The average homeowner has gained $51,500 in equity over the past 12 months! Home prices aren’t expected to rise this quickly in the next few years, but there’s still a lot of wealth and equity to be gained in a home purchase today.

Over one hundred economists, real estate experts, and market strategists put together their most recent Home Price Expectation Survey. They predict home values (which reflects equity) to continue appreciating for the next few years. Their expected price increases were applied to a $350,000 home to create the chart below.

That’s a possible $111,285 of equity to be gained over the next five years!

How Are Principal And Interest Payments Calculated?

Although your total principal and interest payment will be the same each month, the principal and interest distributions change over time as your loan amount gets paid down.

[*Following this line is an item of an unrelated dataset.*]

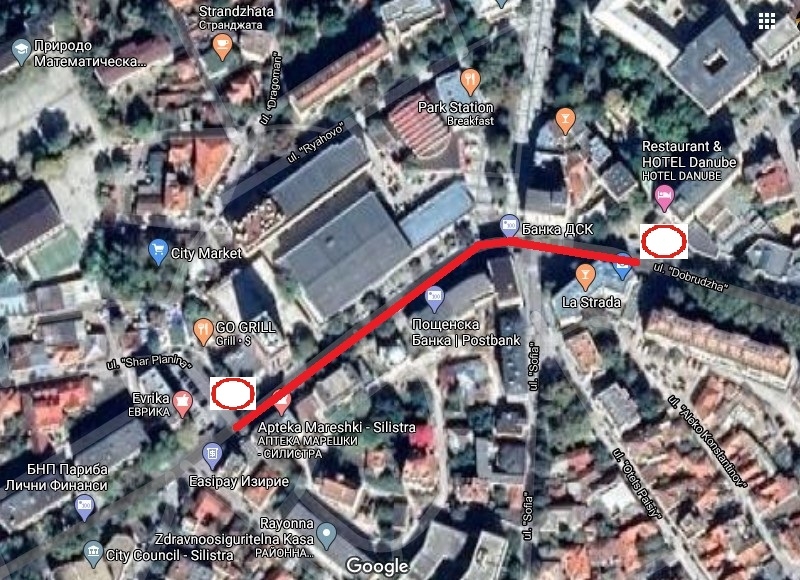 От община Силистра съобщават, че ще бъде затворен за движение на МПС участък по ул. "Симеон Велики", от хотел "DANUBE" /по ул. "Добруджа"/ до кръстовището на ул. "Симеон Велики" с ул. "Шар Планина" на 16.08.2020 г. /неделя/ от 08:00 ч. до приключване на дейностите по полагането на нова пътна маркировка,

Your amortization schedule is the breakdown of how principal and interest is applied to your loan each month for the duration of your loan term.

For example, let’s say you have a $320,000, 30-year mortgage loan with a fixed interest rate of 5%. Your total principal and interest payment is $1,718 every month (for this example we are excluding any taxes and insurance).

For your first payment, $384.50 will go toward principal and $1,333.33 will go toward interest. Your original loan amount of $320,000 is now reduced to $319,615.50 after this first principal payment is applied.

For your second payment, you’ll still be paying $1,718 for principal and interest. However, your distribution is now based on the loan amount of $319,615.50 instead of $320,000. This means more of the monthly payment goes to paying down principal and less to interest.

This continues month after month until you reach a $0 balance on your loan. This helps explain how your P&I payments are applied to your loan. You’ll see this information on your monthly statement as well.

There are many amortization schedule calculators available for you to calculate your own scenarios.

Bottom Line

With rents and home prices on the rise, why not take advantage of homeownership? You can keep a consistent monthly payment and directly benefit from home price appreciation.